══ STUDY MATERIAL ══

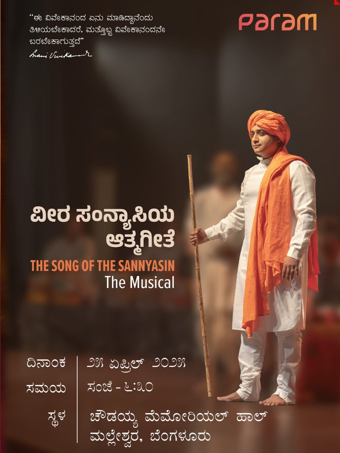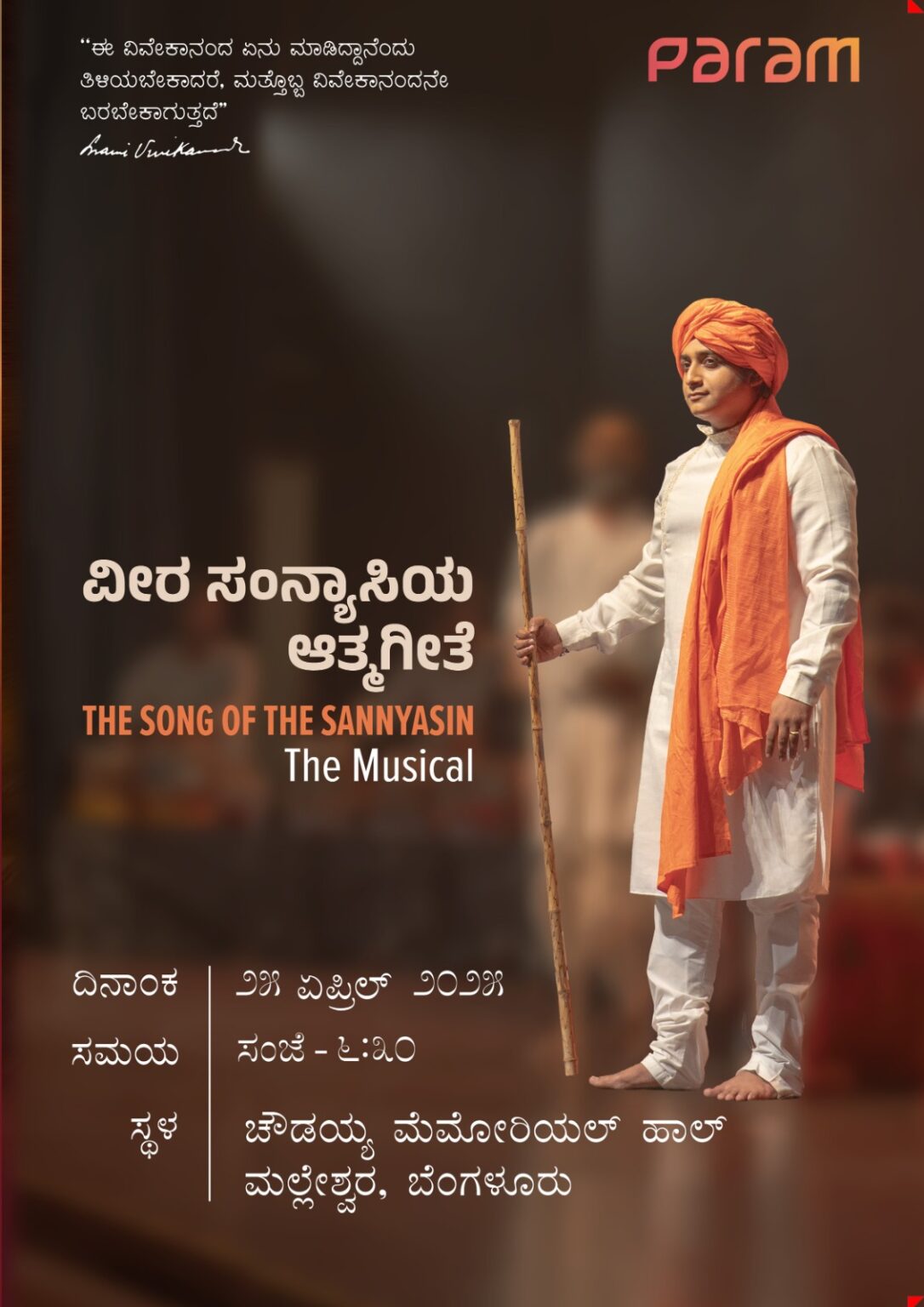 ಸ್ವಾಮಿ ವಿವೇಕಾನಂದರ(Swami Vivekananda) ಜೀವನ ಕುರಿತ ವೀರ ಸಂನ್ಯಾಸಿಯ ಆತ್ಮಗೀತೆಯು (The Song of the Sannyasin) ಮತ್ತೊಮ್ಮೆ ನಿಮ್ಮ ಮುಂದೆ ಪ್ರದರ್ಶನಕ್ಕೆ ಸಜ್ಜಾಗಿದೆ.. ಏಪ್ರಿಲ್ 25ಕ್ಕೆ ಸಂಜೆ 6.30ಕ್ಕೆ ಬೆಂಗಳೂರಿನ ಮಲ್ಲೆಶ್ವರಂನ ಚೌಡಯ್ಯ ಹಾಲ್ನಲ್ಲಿ ಪರಮ್ ಕಲ್ಚರ್ ಅರ್ಪಿಸುತ್ತಿರುವ ವೀರ ಸಂನ್ಯಾಸಿಯ ಆತ್ಮಗೀತೆ ಪ್ರದರ್ಶನಗೊಳ್ಳಲಿದೆ. ಇದು ಸಂಗೀತ, ನೃತ್ಯ, ನಾಟಕಗಳ ಮೂಲಕ ಸ್ವಾಮಿ ವಿವೇಕಾನಂದರ ಜೀವನ – ಚಿಂತನೆಗಳನ್ನ ವಿಜೃಂಭಣಾತ್ಮಕವಾಗಿ ತೋರಿಸುವ ಒಟ್ಟು 2 ಗಂಟೆಗಳ ಕಾಲಾವಧಿಯ ಪ್ರದರ್ಶನವಾಗಿದೆ. ಸುಮಾರು 35ಕ್ಕೂ ಹೆಚ್ಚು ಅಂತಾರಾಷ್ಟ್ರೀಯ ಖ್ಯಾತಿಯ ಕಲಾವಿದರು ಭಾಗವಹಿಸಲಿದ್ದಾರೆ..
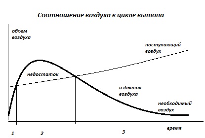 В фазе активного горения мы имеем прогретый топливник и райзер. Недостатка по самотяге и температуре нет и поступающий в топливник воздух активизирует процессы пиролиза древесины. Если пиролиз идет по всему объему закладки, то наблюдается избыток ПГ и недостаток воздуха для полного сгорания выделенного газа. При этом формально недостатка может и не быть (альфа больше 1 ). Воздух может проскакивать через закладку или подаваться в зоны где нет условий для горения, что говорит о важнейшей необходимости принятия мер для перемешивания воздуха и ПГ. Наблюдается неполное сгорание ПГ и как следствие дым в трубе. Однако в традиционных топка этот вопрос решается простым добавление воздуха , доводя альфу до значений 3-5, что приводит к значительному разбавлению теплоносителя холодным воздухом и общим снижением КПД топки. Необходимость сгладить выход летучих по всей протяженности фазы горения , приводит к двум основным мыслям
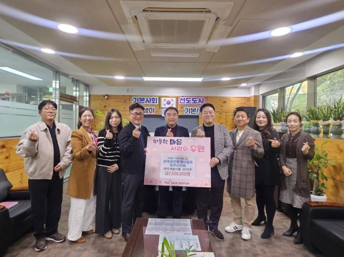 최기명 한국공인중개사협회 파주시지회장은 “지역에서 받은 사랑을 다시 지역사회에 환원하고 싶다”라며, “앞으로도 꾸준히 나눔 활동에 참여하겠다”라고 전했다.
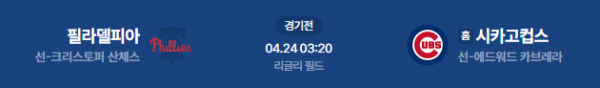 2026년 4월 24일(금) 오전 03:20 (KST) 메이저리그(MLB): 필라델피아 필리스 vs 시카고 컵스
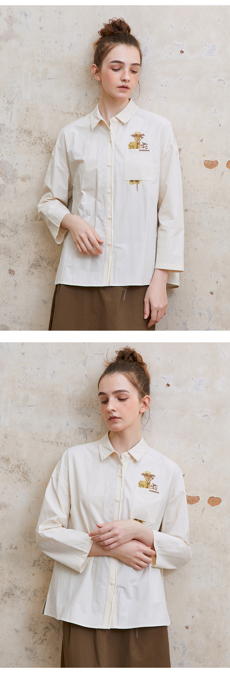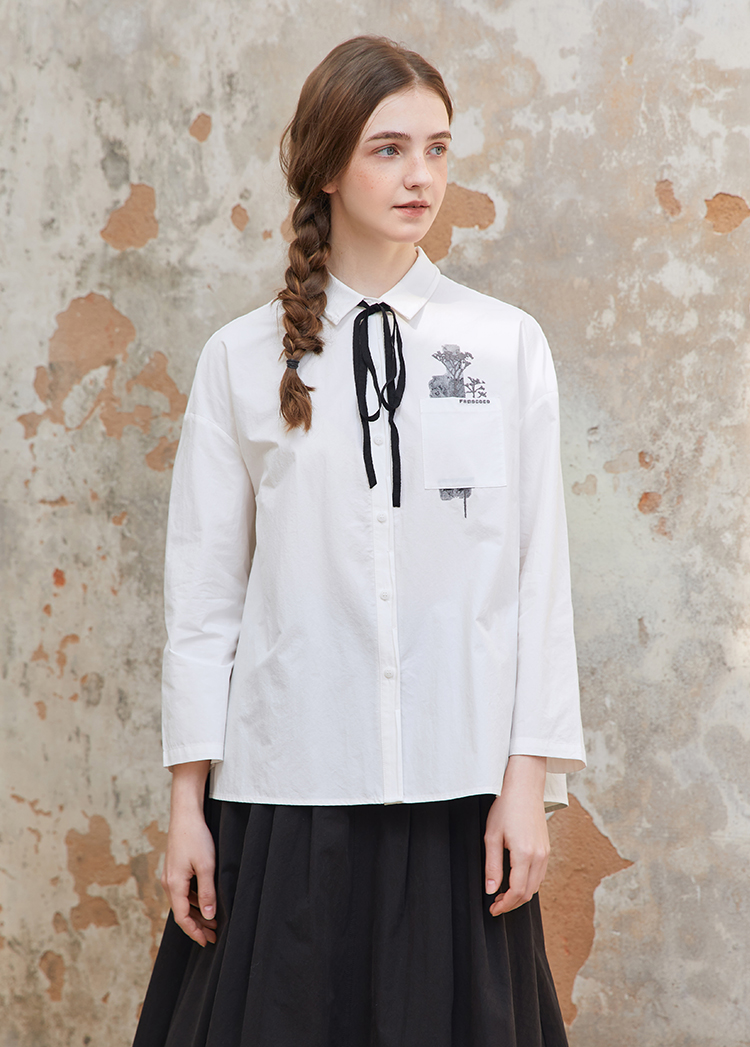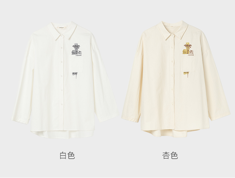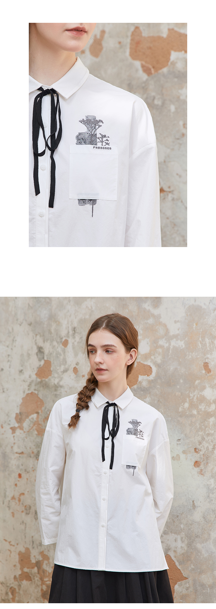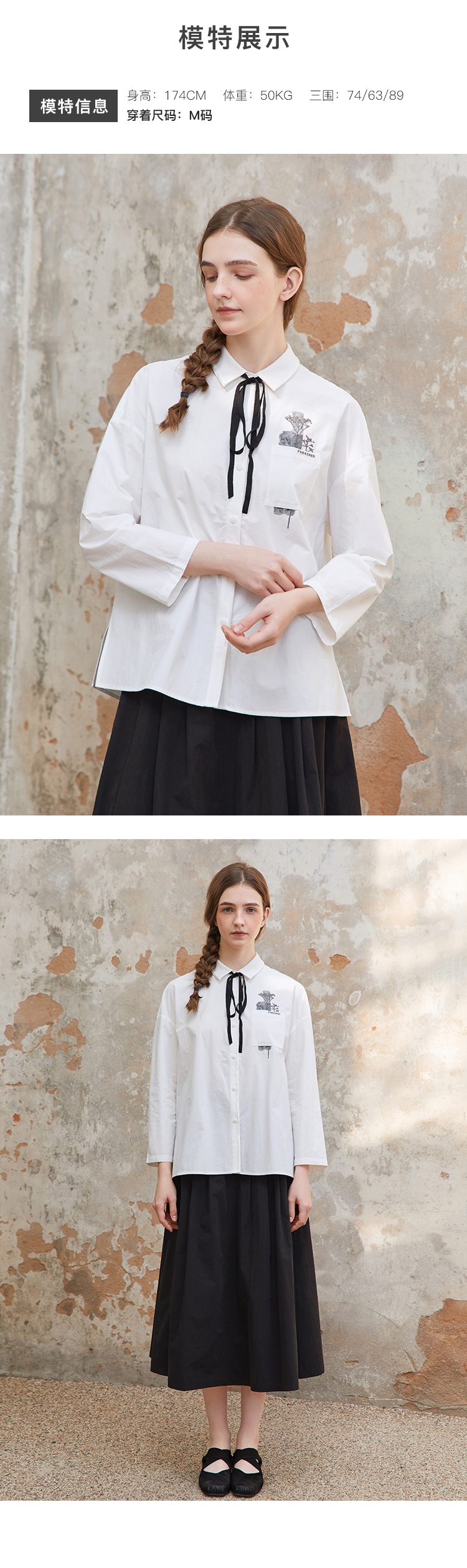 Famecoco范可儿印花刺绣宽松白衬衫女士落肩长袖衬衣FAC1BH010

═══

Set down only the lines from the one with "2026년 4월 24일(금)" through the end of the entries, exactly as they appear, leaving out each picture.

 2026년 4월 24일(금) 오전 03:20 (KST) 메이저리그(MLB): 필라델피아 필리스 vs 시카고 컵스
 Famecoco范可儿印花刺绣宽松白衬衫女士落肩长袖衬衣FAC1BH010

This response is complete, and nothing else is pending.